Rights worker decries treatment of children in Zamboanga crisis

Evacuees receive their food ration as fighting erupts anew between Government forces and Muslim rebels. AP

DAVAO CITY – Fifteen-year old Hassan sailed from Basilan with his grandfather on September 8 to attend what was supposedly a peace rally in Zamboanga City.

Three days later, he was talking to a worker of the New York-based Human Rights Watch inside the Zamboanga City jail.

Carlos Conde of the HRW said the boy was “arrested” along with several other people on suspicion of being a member of the Moro National Liberation Front group led by Ustadz Habier Malik.

Conde, in a statement e-mailed to news organizations, said Hassan had denied being an MNLF member, more so, a child combatant.

He said Hassan was only among several minors “falsely” identified as child warriors of the MNLF.

Like Hassan, Kiram, 14, and Abdul, 17, both bottled water vendors, also spent five days in police custody on mere suspicion of being rebels.
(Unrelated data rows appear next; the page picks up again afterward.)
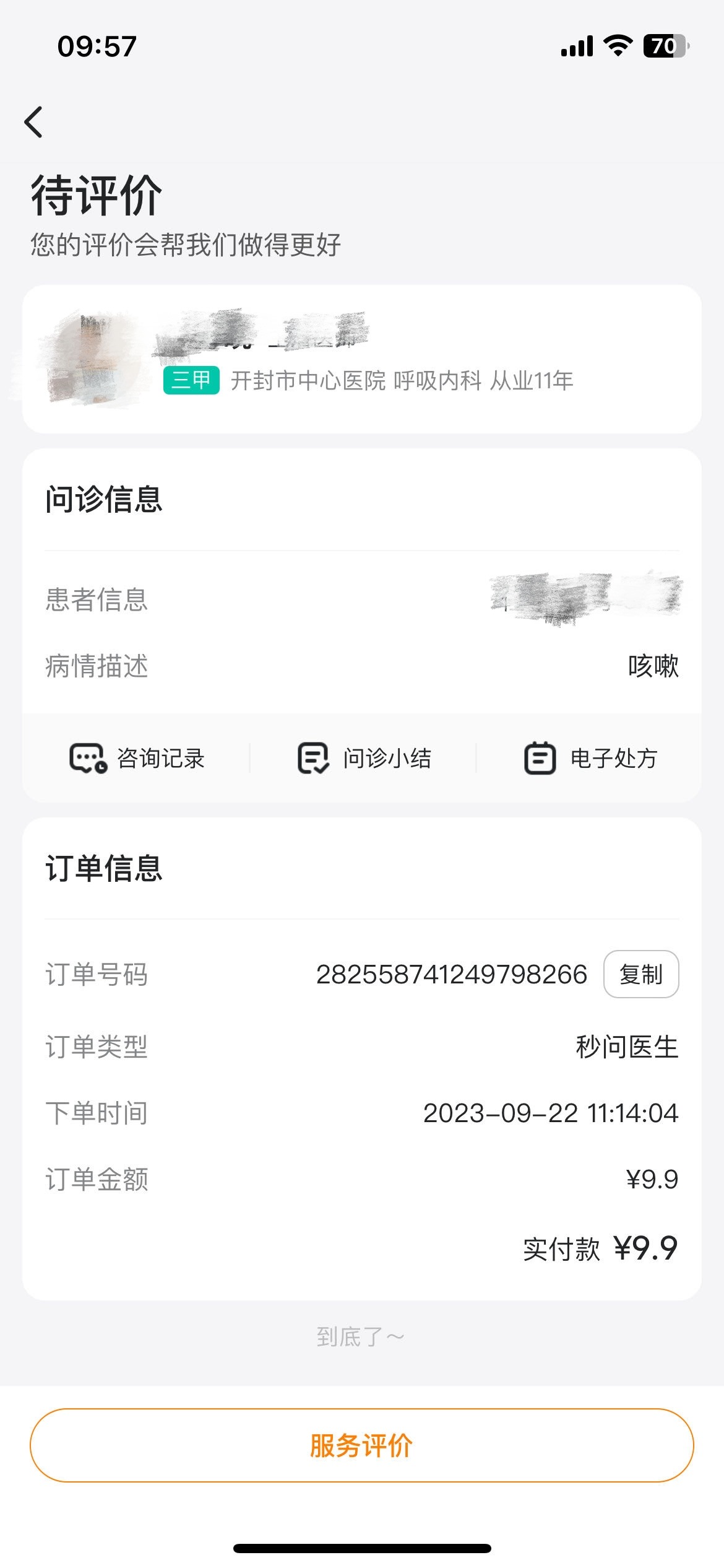 開封中心醫(yī)院:你要跟美團(tuán)溝通,這個不是我們醫(yī)院的平臺。?
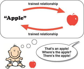 想想我们命名事物的例子。当我们教小孩子给事物命名时,通常遵循一定的方法。首先,我们将对象显示给孩子并命名。然后我们说出这个名字,让孩子指着这个物体。这将教会孩子在对象与名称之间建立双向关系。
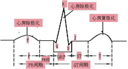 T波 心室快速?gòu)?fù)極過程時(shí)的電位變化 - 振幅:最高不超過1.5mv(不會(huì)超過3大格或15小格),最低不低于1/10R波 PR間期 心房開始去極到心室開始去極 0.12~0.20s即3~5小格 - RR間期 表示一次心動(dòng)周期的時(shí)間 0.6~1.0s(心率=60~100次/分),即寬15~25小格或者3~5大格 RR間期 ST段 心室緩慢復(fù)極過程 - ST段
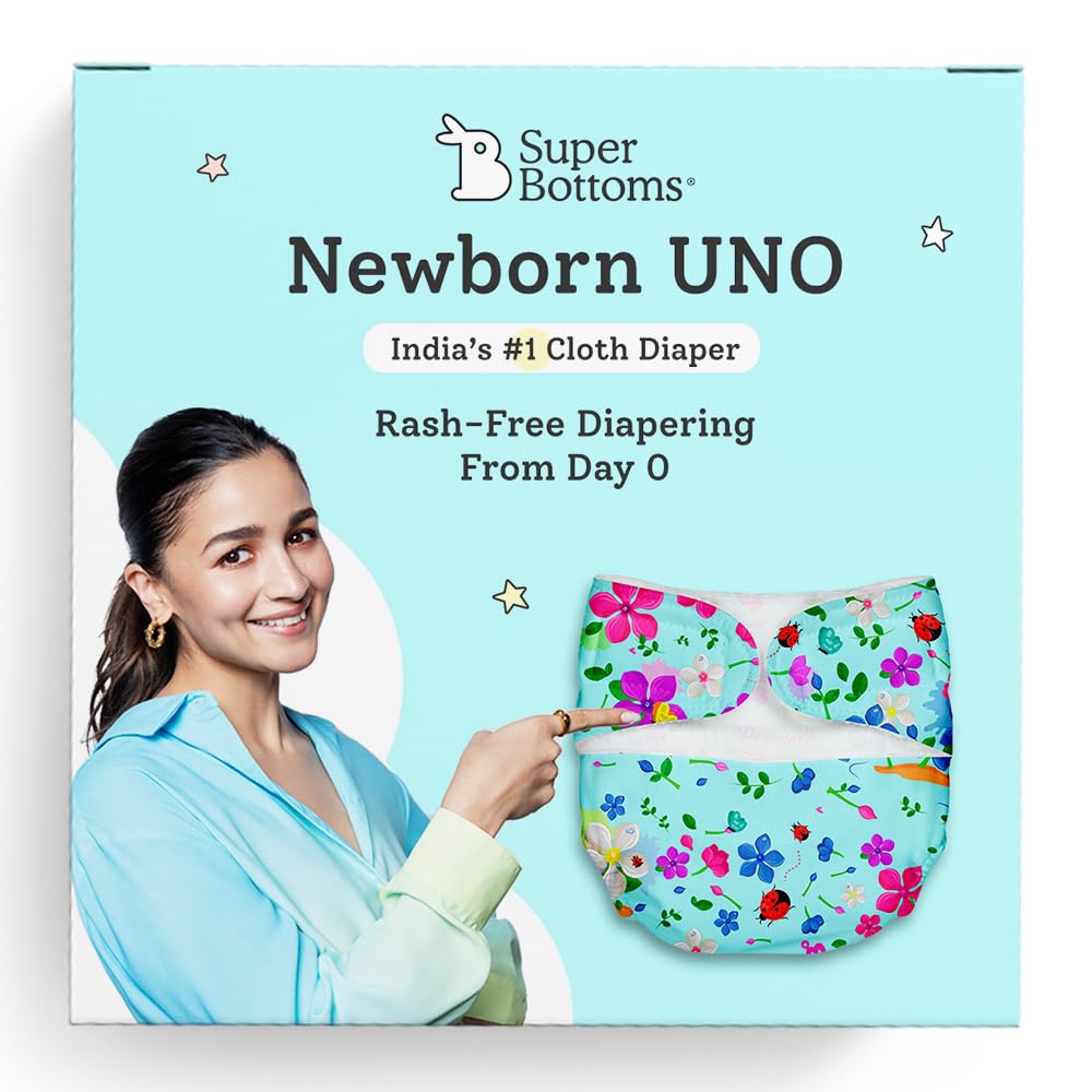 • CONTENTS: This pack contains 2 Items - 1 Multi-size Waterproof Outer with velcro and 1 Dry Feel Pad (Newborn size). SuperBottoms Newborn UNO cloth diaper is a perfect cloth diaper for your little one made with the softest fabrics and zero harmful chemica
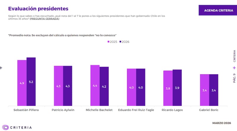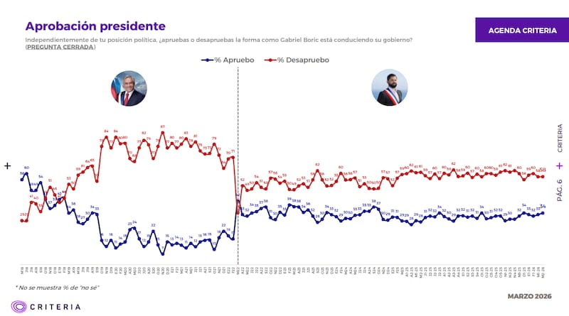 Este domingo 8 de marzo se publicó una nueva síntesis de resultados de la encuesta Criteria, la última en medir la evaluación de la población al Presidente Gabriel Boric, que finaliza su período este 11 de marzo.
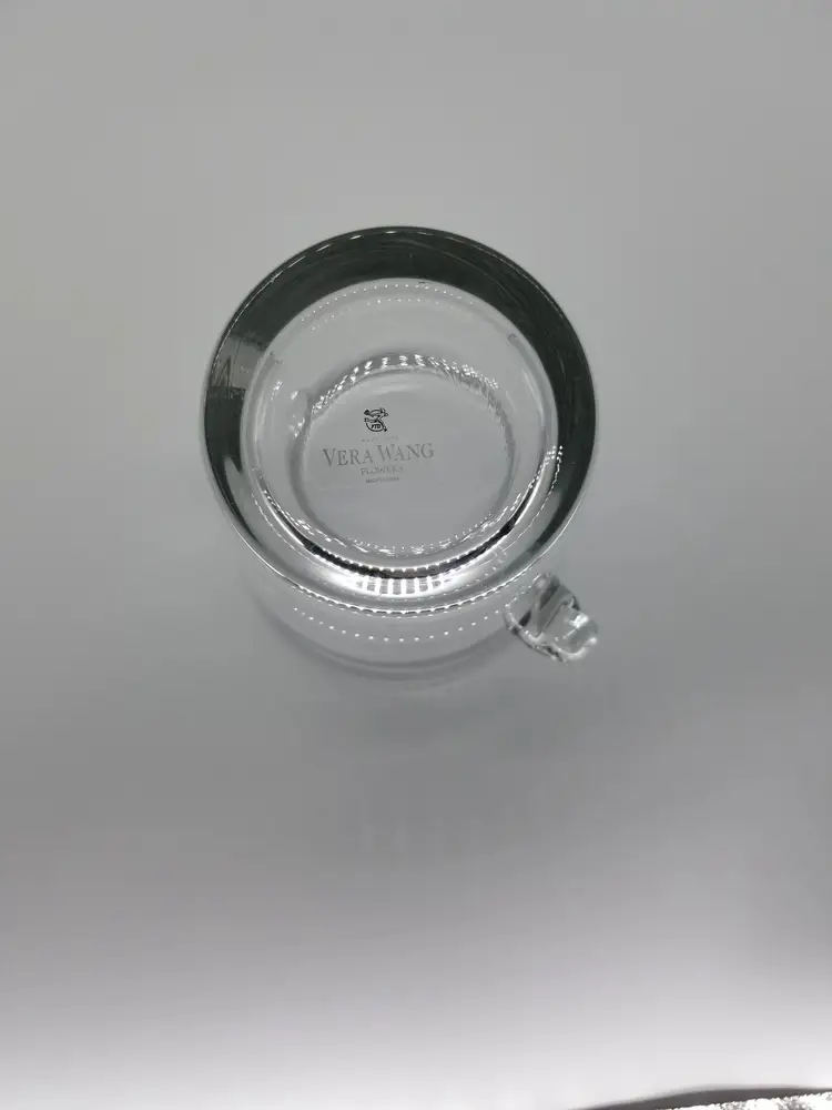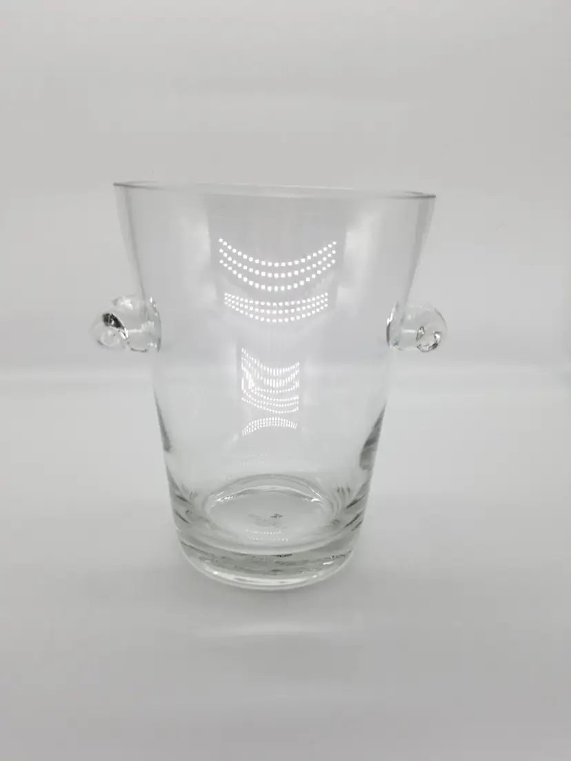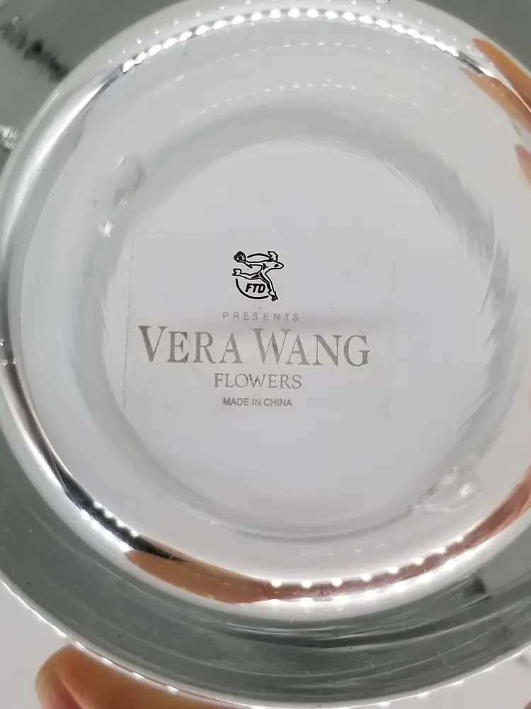 Vera Wang FTD Glass Ice Bucket Vase is 7" tall x 6 1/2" wide with handles. Nice ice bucket sold as a vase. Scrolled handles. No chips, cracks or repairs. Please view pictures as part of the description and feel free to ask questions. Thank you for visiting my shop.
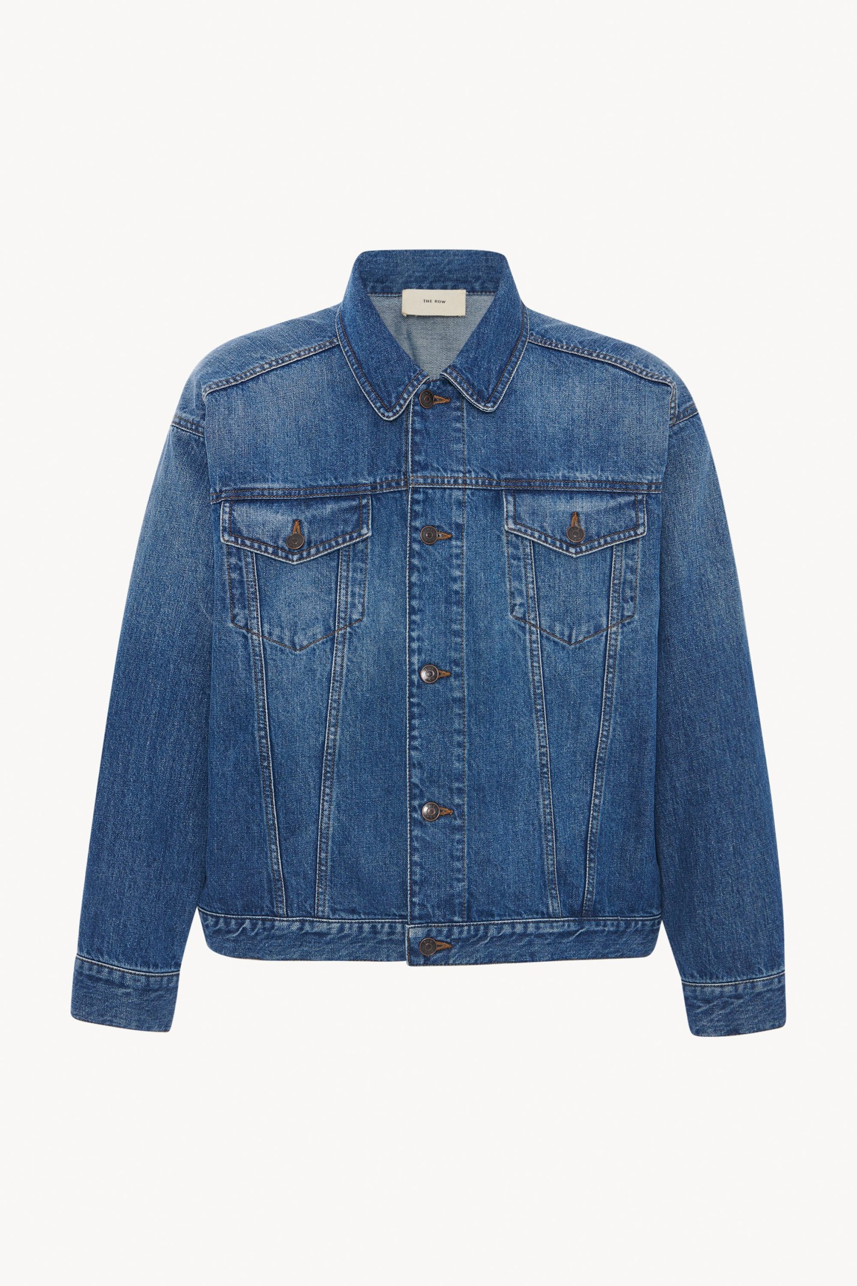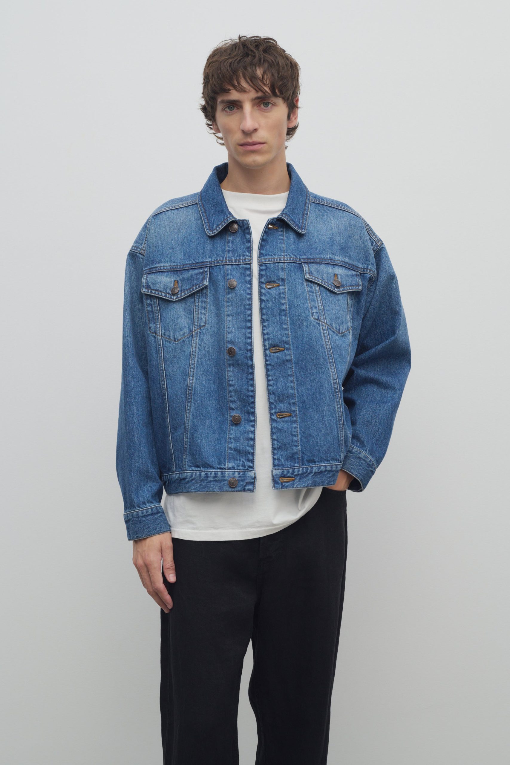 Classic denim jacket in garment treated denim with two front patch pockets. angled front seams. and front button placket.
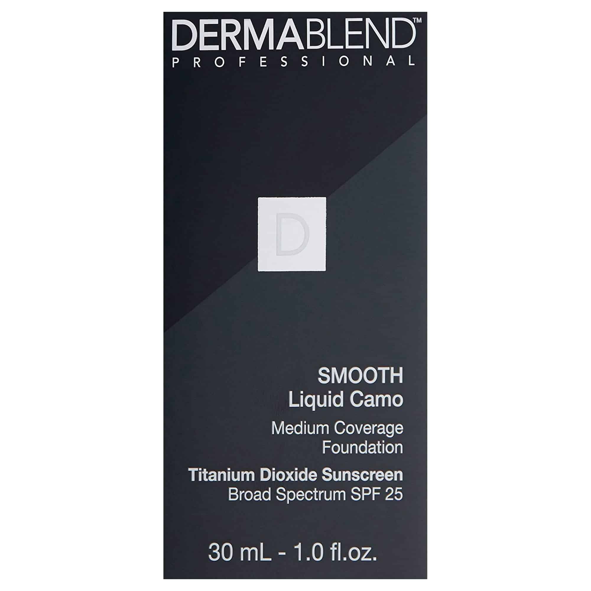 #1 Dermatologist Recommended Coverage Brand Dermablend brings you Smooth Liquid Camo Foundation, the ultimate hydrating, medium to full coverage foundation with broad spectrum SPF 25. This smoothing liquid foundation provides seamless, even coverage for up to 16 hours of consistent smudge and transfer resistant wear – when set with Dermablend Setting Powder. Cruelty-free. Formulated to suit normal to dry skin, it provides all-day hydration and broad-spectrum SPF 25 for flawless, comfortable coverage. This ulta-blendable liquid foundation contains concentrated high-performance pigments to cover skin concerns including dryness, blemishes, dark spots, uneven skintone, and redness. Product Benefits: ?Medium, buildable coverage with a natural finish ?Broad spectrum SPF 25 for easy sun protection ?All day hydration for healthy-looking skin SKIN SECURITY STANDARDS Dermatologist standards + #1 DERMATOLOGIST RECOMMENDED COVERAGE BRAND + NON-COMEDOGENIC + SENSITIVE SKIN-TESTED + ALLERGY TESTED Formula standards + CRUELTY-FREE + HIGH-PERFORMANCE PIGMENTS + FRAGRANCE-FREE + SLS-FREE + TRICLOSAN-FREE + PHTHALATE-FREE
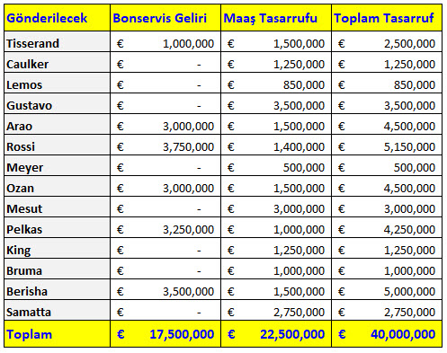 Öncelikle birinci tabloda gösterilen 14 oyuncu ile yollar hemen ayrılmalıdır. Bazı oyunculardan bonservis geliri sağlayabilecekken, bazı oyunculardan bonservis talep etmeden sadece maaş yükünden kurtulmak için gönderilmelidir. Hatta yüksek maaşları sebebiyle kulüp bulmakta zorlanan bazı oyuncuların maaşlarının %25’lik kısmını Fenerbahçe ödemeye razı olmalıdır.
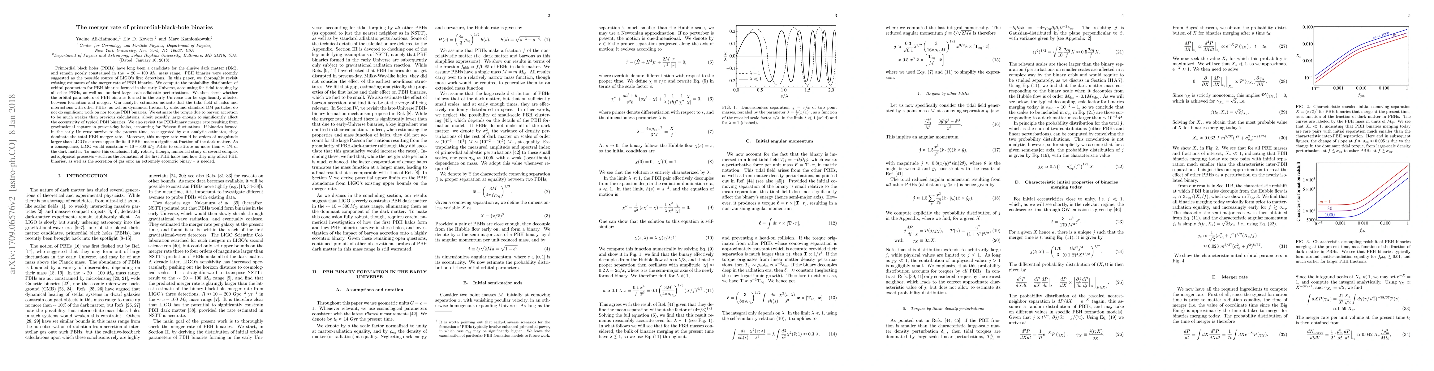 This paper revisits the merger rate of primordial black hole binaries, finding that binaries formed in the early Universe likely dominate the merger rate. It concludes that LIGO's current upper limits could constrain the fraction of dark matter made up of ~10-300 Msun PBHs to less than ~1%, though robust conclusions require further numerical studies on complex astrophysical processes.

They were in cuffs, Conde said, when he met them on Wednesday.

“Children, like Hassan, pay their own steep price,” Conde said, as he illustrated how the violence affected the life of the children.

He cited the case of evacuation centers, which “overflow with thousands of children who are homeless and unable to go to school.”

Conde said granting that the three boys were indeed child warriors, the state should always treat them as “victims.”

“According to the Optional Protocol to the Convention on the Rights of the Child on the Involvement of Children in Armed Conflict, armed groups such as the MNLF should not, under any circumstance, recruit or use in hostilities anyone under the age of 18,” Conde said.

What was more lamentable, he said, was the condition the children were in and the treatment they got from authorities – like being paraded before the media and made to share facilities with adult detainees.

“These violate the government’s obligations under the Convention on the Rights of the Child, which the Philippines ratified in 1990,” Conde said.

He urged the government to have the suspected child combatants undergo psychological services and assistance in social reintegration.

In the case of the MNLF, Conde said, HRW had documented incidents in which gunmen used children as hostages and human shields.

“Some of (them) have been killed and wounded during military operations,” he said.

Conde said adults were indeed suffering from the violence but it was the children who were the most affected by the situation.

“Long after the guns go silent and the soldiers go home, the children of Zamboanga will wrestle with the traumas of these days of violence,” Conde added.